DATA TO EXAMINE START
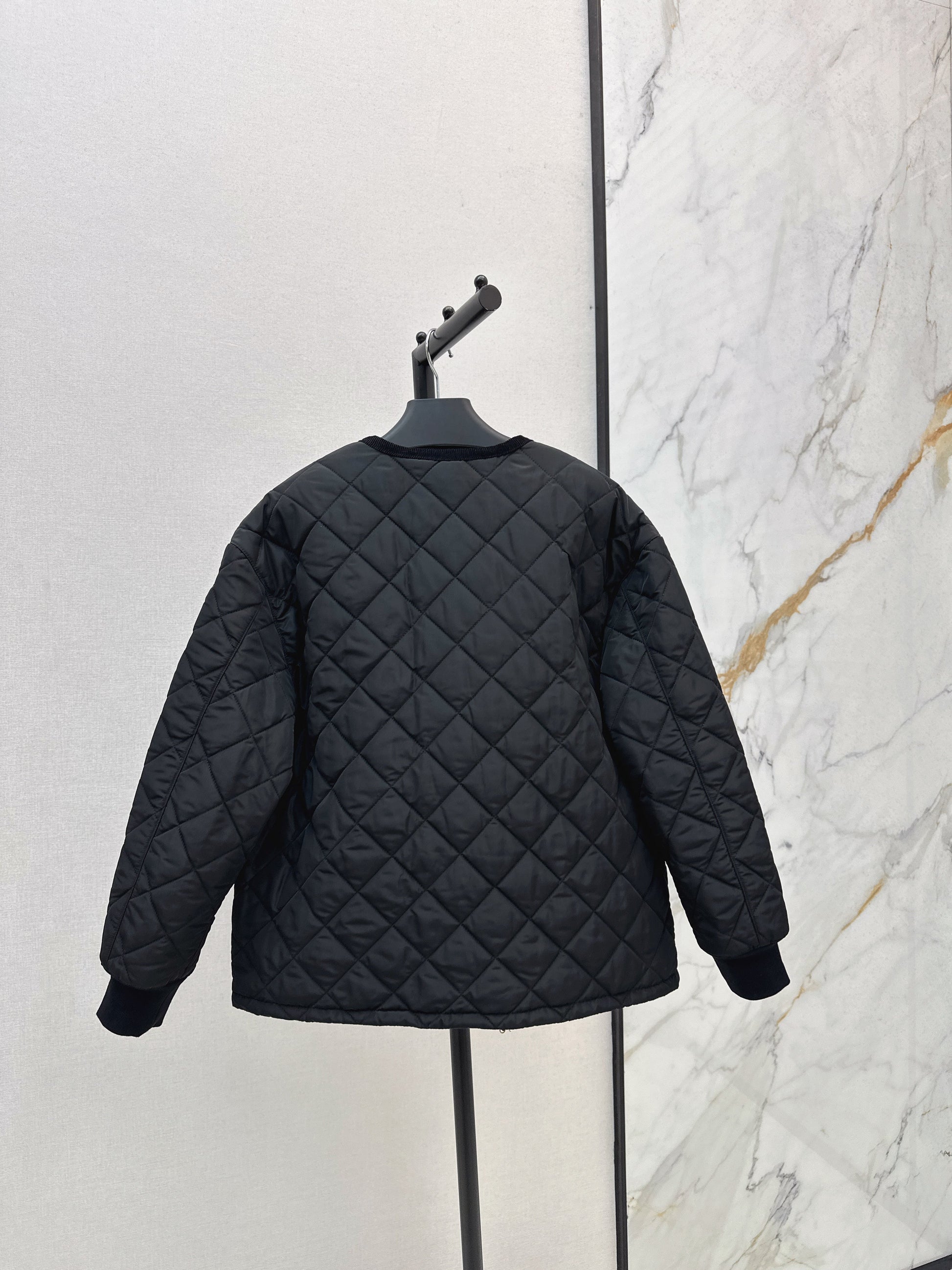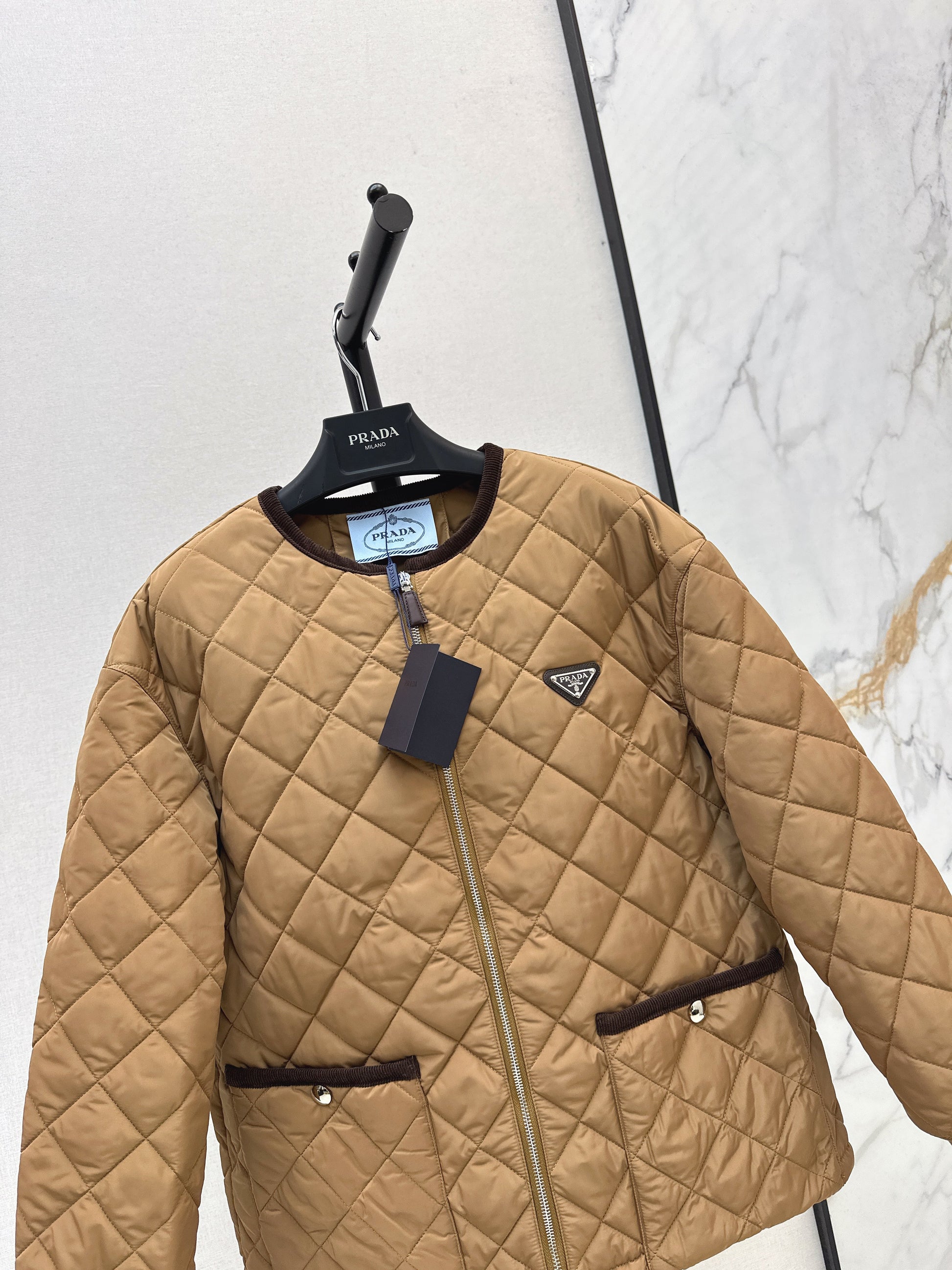 High density recycled nylon fabric round neck design, drawstring at the hem, waist cinched, windproof design, metal triangle logo, low-key yet fashionable, imported machine pressed thread grid technology, three-dimensional cutting, British style versatile and handsome
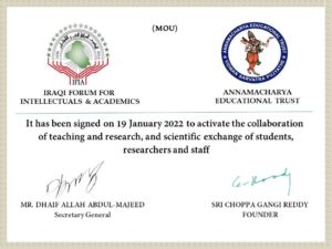 بتاريخ 19 كانون الثاني 2022 وقّع المنتدى العراقي للنخب والكفاءات مذكرة تفاهم مع معهد أناماتشاريا للعلوم والتكنولوجيا – الهند . وتأتي هذه الخطوة وفقاً للخطة المستقبلية التي اقرتها الأمانة العامة بمد جسور العلم والمعرفة مع الجامعات العراقية والعربية والدولية.
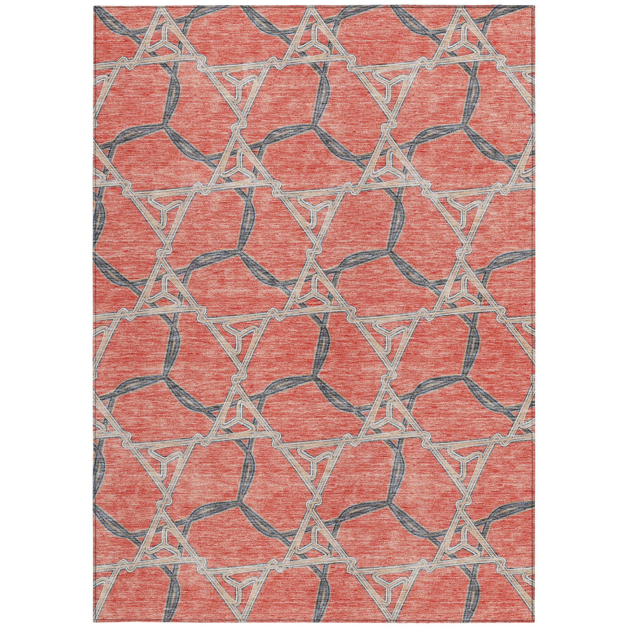 This 8-foot x 10-foot coral and taupe geometric washable indoor outdoor area rug, is a great way to add warmth to a room. This rectangle shaped rug features a geometric design that will work well both indoors or out. A classic shape marries with good looking design for your living room, hall, bedroom, porch, patio, or poolside. Ideal for outdoor spaces or high traffic areas with kids and pets, this rug is made from heavy duty polyester that is stain resistant to help repel water, dirt, and stains. Versatile in use, durable, and easy to maintain, this rug is an ideal solution to add a decorative and inviting touch to your indoor or outdoor space. 96-inch h x 120-inch w x 0.19-inch d.
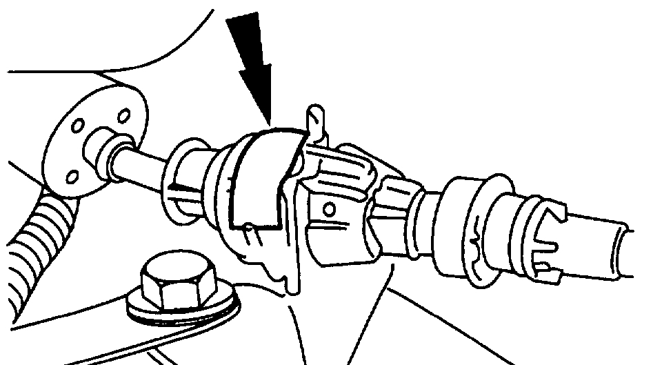 7. Push in the transmission shift cable adjustment lock tab on the shift cable body.
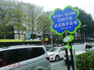 昨日上午,记者在黄旗山城市公园前的红绿灯处看到那个蓝色的牌子,它立在绿化带里,两面分别写着“您的行为决定城市品味”及“车窗里扔出去的除了垃圾还有品德”,落款为“东城公用”。
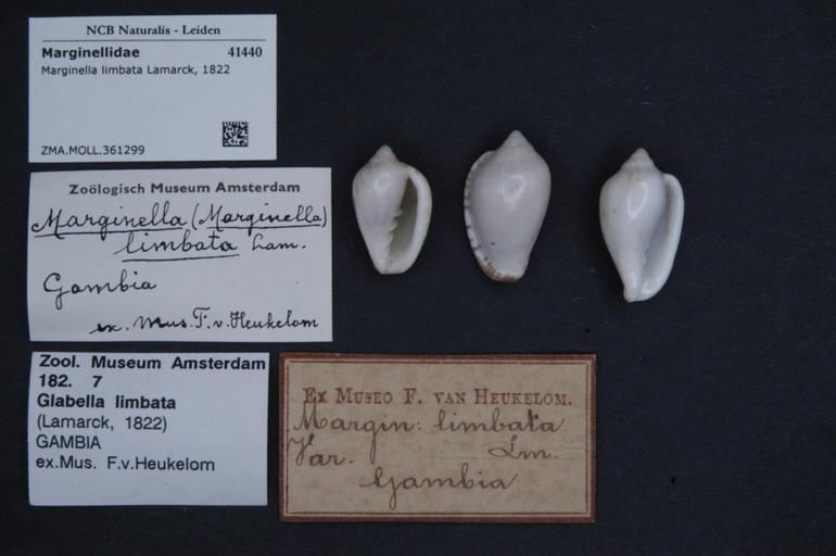 | Keywords: Naturalis Biodiversity Center - ZMA.MOLL.361299 - Marginella limbata Lamarck, 1822 - Marginellidae - Mollusc shell.jpeg artwork Dimensions artwork Document type Marginellidae Marginella Individual count Infraspecific epithet Infraspecific rank Institution Naturalis Kind of unit artwork Kind of unit specimen shell Life stage Medium artwork Nomenclatural code Source institute Zoölogisch Museum Amsterdam Scale the width of the text on the species/QR-code label is 38 mm Occurrence ID page Neogastropoda Other fields Other versions artwork Permission license Naturalis donation CC-0 Mollusca Publication location Scientific name Marginella limbata Lamarck 1822 Scientific name authorship Lamarck 1822 Source url http //bioportal naturalis nl Specific epithet limbata State or province Subject keywords artwork Subject keywords publication Title artwork Title publication Type status Uploaded with GWToolset Naturalis_Biodiversity_Center_-_ZMA MOLL 361299_-_Marginella_limbata_Lamarck _1822_-_Marginellidae_-_Mollusc_shell http //medialib naturalis nl/file/id/ZMA MOLL 361299/format/large Media donated by Naturalis Biodiversity Center Molluscs at Naturalis from the Zoölogisch Museum Amsterdam Marginella limbata Marginella |
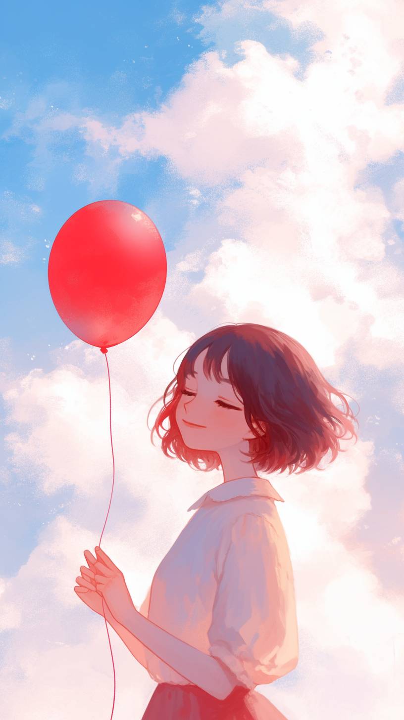 a sad, hopeful, red balloon --ar 9:16 --niji 6
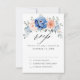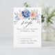 Cartão RSVP Casamento Floral Rosa Bege Poeira Azul Marinho
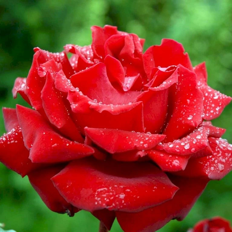 Blodrød med fløjlsagtigt skær. Stor, velformet fyldt blomst med let duft. 25-40 kronblade. Op til 15 cm i diameter.
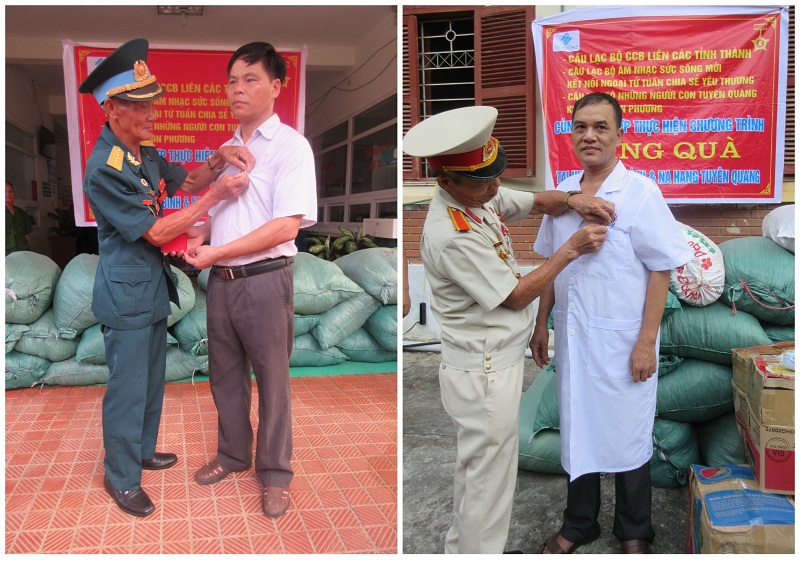 Đại tá Đinh Thế Văn, AHLLVT Chủ tịch CLB gắn Kỷ niệm chương của CLB cho Phó Giám đốc Trung tâm Y tế huyện Lâm Bình (ảnh trước) và Phó Chủ tịch CLB Đinh Công Chất gắn Kỷ niệm chương cho Phó Phụ trách Trung tâm Y tế huyện Na Hang (ảnh sau)
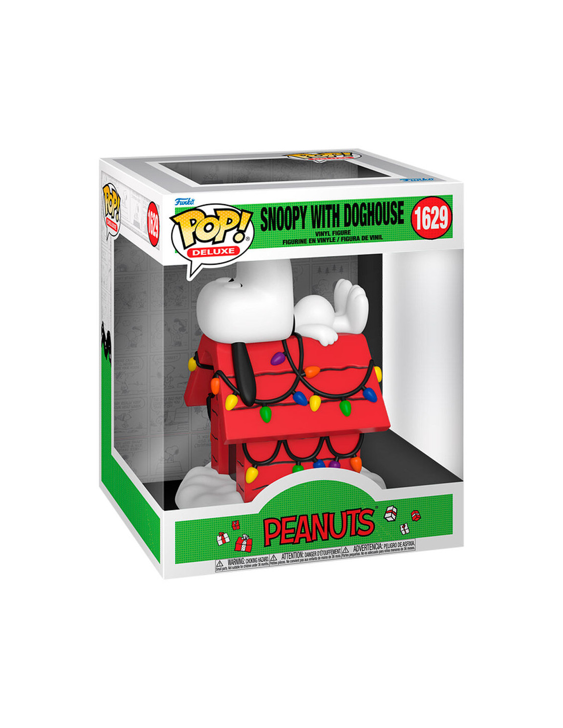 Snoopy (Peanuts) Deluxe Snoopy with Doghouse (1629). Figura de colección de la marca Funko Pop! · Fabricada en vinilo y con una cabeza de tamaño desproporcionado como principal rasgo distintivo. · Mide unos 15cm. de altura aproximada. · Se entrega en una caja de cartón y plástico rígido transparente. · Con licencia oficial de SNOOPY.
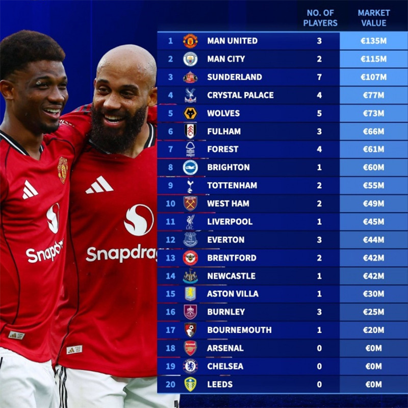 Another problem is that Sheshko is injured and is expected to miss a month. Exactly one month later, the African Cup of Nations will start again. Mbemo, Diallo and Mazrawi are absent. They are the most influential teams in the Premier League. The German transfer market has counted players absent from the Africa Cup of Nations. In terms of value, the Manchester duo tops the list, with Sunderland missing a full seven players. The London duo Arsenal and Chelsea have zero players, with none. It seems that although Manchester United will have no strong opponents in the next 10 games, the difficulties will not be less at all.
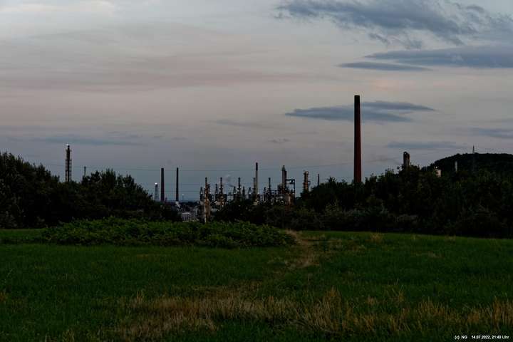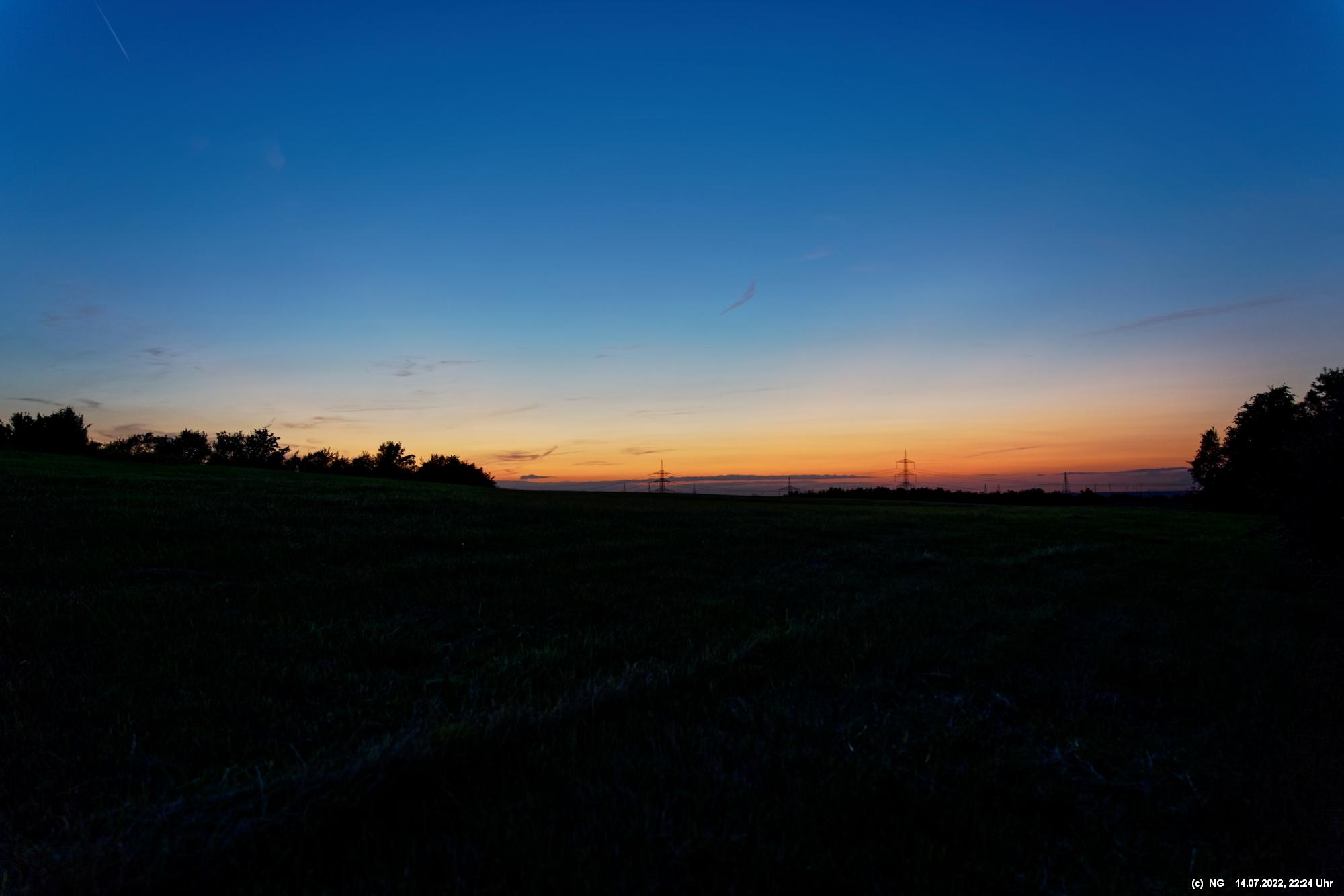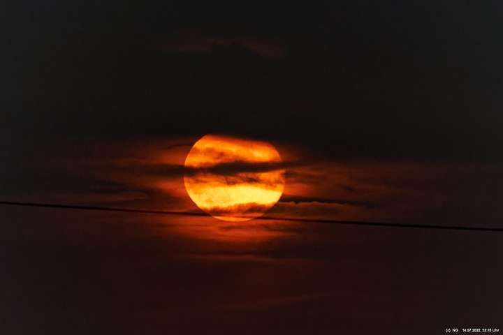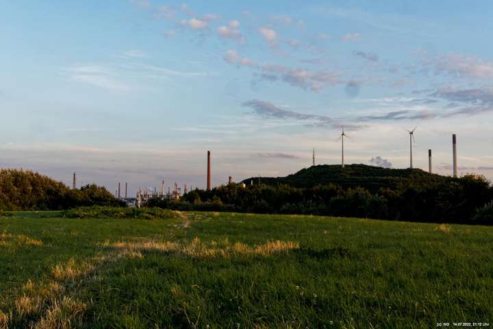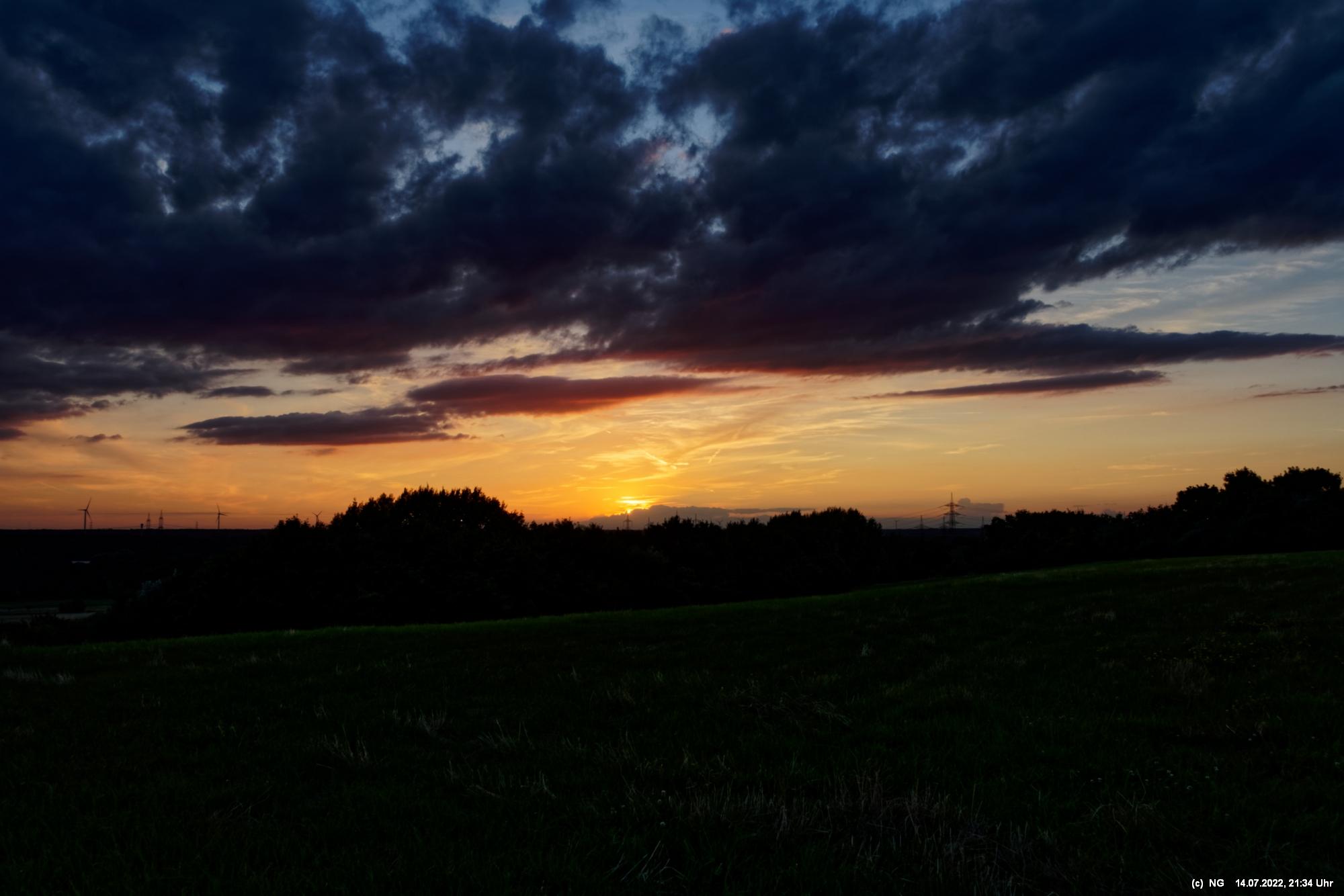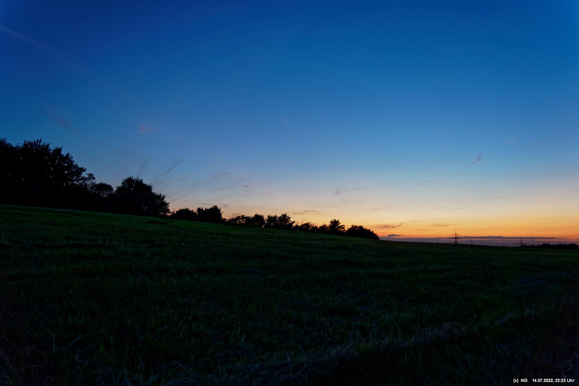 Es ging wieder auf die Halde Scholver Feld (GE-Buer). Gehofft hatte ich auf einen schönen Sonnenuntergang und noch auf den Aufgang des Supermondes. Anfangs waren noch einige Pärchen oben. Als es dunkler und kälter wurde, waren die alle bald verschwunden. Der Sonnenuntergang (21:45 Uhr) fing prächtig an. Doch am entscheidenden Ende schob sich eine kleine Wolkenwand vor die Sonne (wieder einmal). Dann hieß es warten bis 23:00 Uhr zum Mondaufgang. Es war schon dunkel und auch langsam und dem ordentlichen Wind ziemlich frisch. Dann war es so weit. Ich konnte den Mondaufgang sehen, aber es waren Schleierwolken davor. Als die Hoffnung auf freie Mondsicht stieg, kamen dann doch wieder die Wolken. Egal - es war hoch interessant!
DATA TO EXAMINE END
**EXERCISE AIM:** Exact copy, pictures excluded: from the line with "Cartão RSVP Casamento" up to and including the line with "Đại tá Đinh" in the data above.

**EXERCISE SOLUTION:**
 Cartão RSVP Casamento Floral Rosa Bege Poeira Azul Marinho
 Blodrød med fløjlsagtigt skær. Stor, velformet fyldt blomst med let duft. 25-40 kronblade. Op til 15 cm i diameter.
 Đại tá Đinh Thế Văn, AHLLVT Chủ tịch CLB gắn Kỷ niệm chương của CLB cho Phó Giám đốc Trung tâm Y tế huyện Lâm Bình (ảnh trước) và Phó Chủ tịch CLB Đinh Công Chất gắn Kỷ niệm chương cho Phó Phụ trách Trung tâm Y tế huyện Na Hang (ảnh sau)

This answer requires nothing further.